Why Products Preserve Riemann Integrability: A Local Oscillation Proof

This note proves that if f and g are Riemann integrable on a compact interval, then their product fg is also Riemann integrable.

There are several standard ways to prove this theorem. One common route is to use upper and lower step-function approximations, sometimes after splitting the functions into positive and negative parts so that multiplication behaves monotonically. That approach is correct and efficient, but it also introduces extra machinery because products do not interact with upper and lower bounds as cleanly as maxima do unless one controls signs.

The proof in the PDF below takes a different route. It works directly with local oscillation. Instead of asking how to multiply lower and upper approximations, it asks a simpler and more flexible question:

How much can the product fg move on a small interval?

The key identity is the elementary difference expansion

f(x)g(x) − f(y)g(y) = (f(x) − f(y))g(x) + f(y)(g(x) − g(y)).

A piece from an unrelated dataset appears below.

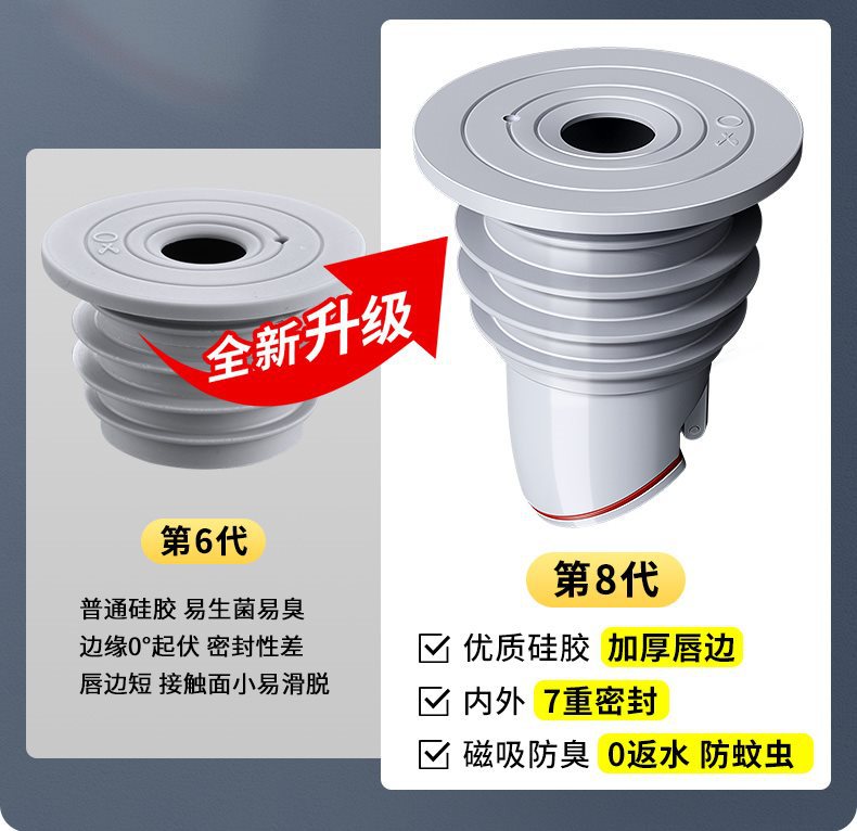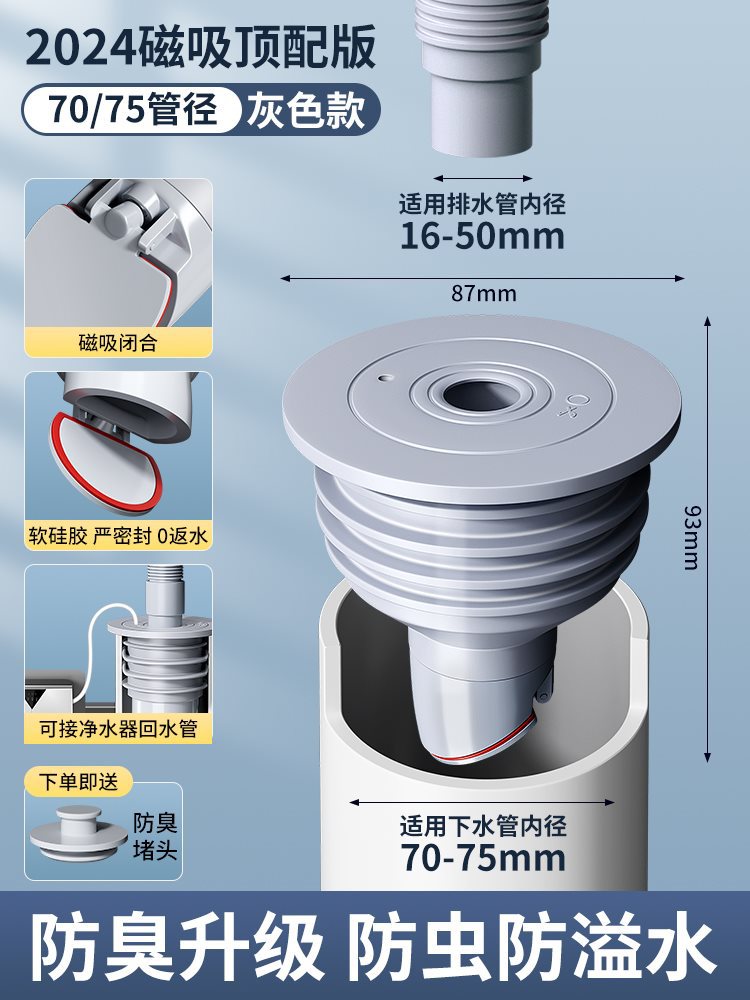 • 업그레이드된 자기흡입 [70/75mm] 그레이丨냄새방지 및 넘침방지★플러그 보내기
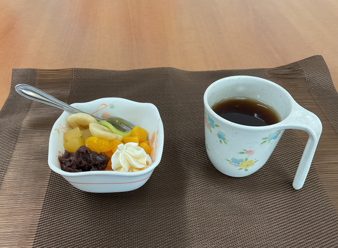 今月のスペシャルおやつは、フルーツあんみつでした!

This identity exposes the mechanism. If f and g are bounded, then the movement of the product is controlled by the movement of f and the movement of g. More precisely, on any subinterval I,

oscI(fg) ≤ Mg oscI(f) + Mf oscI(g),

where Mf and Mg are bounds for the absolute values of f and g. Once this local estimate is obtained, the rest of the proof is the Darboux criterion: choose a common refinement of good partitions for f and g, sum the local oscillation estimates, and make the upper-lower gap for fg arbitrarily small.

The point of this proof is not just to establish the theorem. The point is to practice a reusable analysis maneuver: expand the difference at two points, isolate the genuinely varying pieces, use boundedness to absorb coefficients, and convert local control into global integrability.

This is why the local oscillation method is worth studying. In elementary cases, it may look slightly more hands-on than the slickest available proof. But the method scales well. In harder problems, especially when terms interact in less symmetric ways, one often cannot rely on a clean algebraic identity or a perfectly packaged abstraction. One has to open the expression, track how each part moves, and build the estimate directly.

So this note is meant as a proof workout. The theorem is classical, but the proof pattern is important: localize, compare values at two points, expand the difference, control each term by known oscillations, and sum over the partition.